| Work item |
Retype the listing exactly. Leave out the images.

| Data excerpt |

:::::

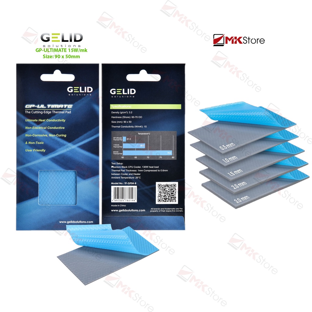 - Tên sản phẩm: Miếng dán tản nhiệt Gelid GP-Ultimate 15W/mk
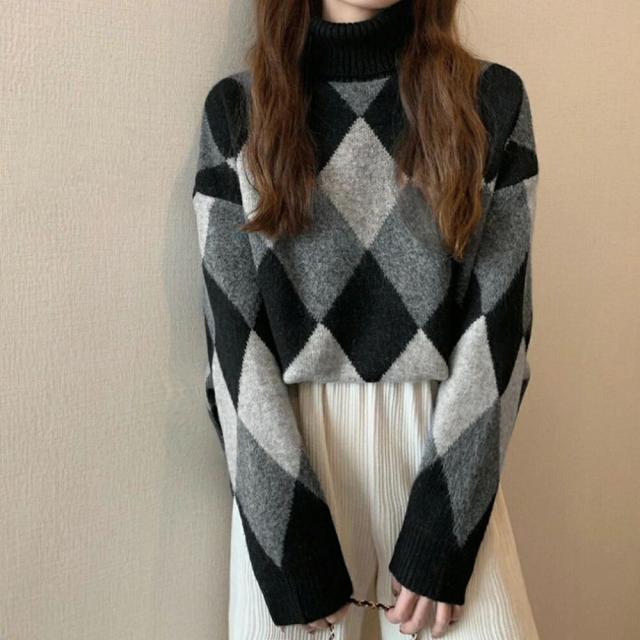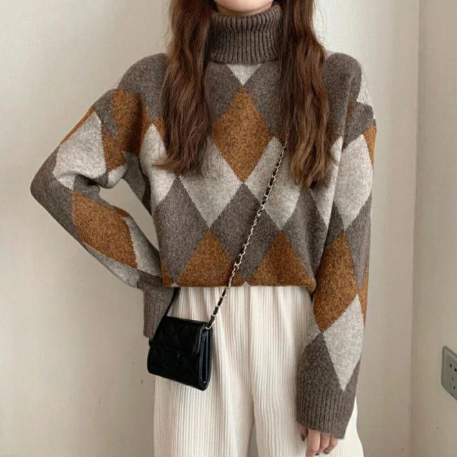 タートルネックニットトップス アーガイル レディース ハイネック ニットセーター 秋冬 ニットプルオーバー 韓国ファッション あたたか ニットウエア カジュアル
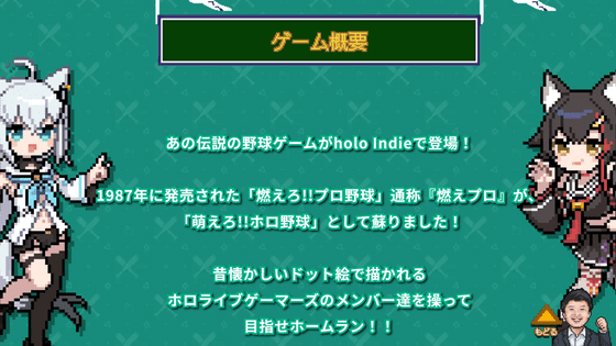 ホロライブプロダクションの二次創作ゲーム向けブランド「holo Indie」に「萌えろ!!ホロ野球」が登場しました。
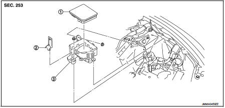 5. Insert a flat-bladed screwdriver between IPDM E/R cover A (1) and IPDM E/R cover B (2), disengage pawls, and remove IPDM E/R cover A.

:::::

| Response to the task |
 - Tên sản phẩm: Miếng dán tản nhiệt Gelid GP-Ultimate 15W/mk
 タートルネックニットトップス アーガイル レディース ハイネック ニットセーター 秋冬 ニットプルオーバー 韓国ファッション あたたか ニットウエア カジュアル
 ホロライブプロダクションの二次創作ゲーム向けブランド「holo Indie」に「萌えろ!!ホロ野球」が登場しました。
 5. Insert a flat-bladed screwdriver between IPDM E/R cover A (1) and IPDM E/R cover B (2), disengage pawls, and remove IPDM E/R cover A.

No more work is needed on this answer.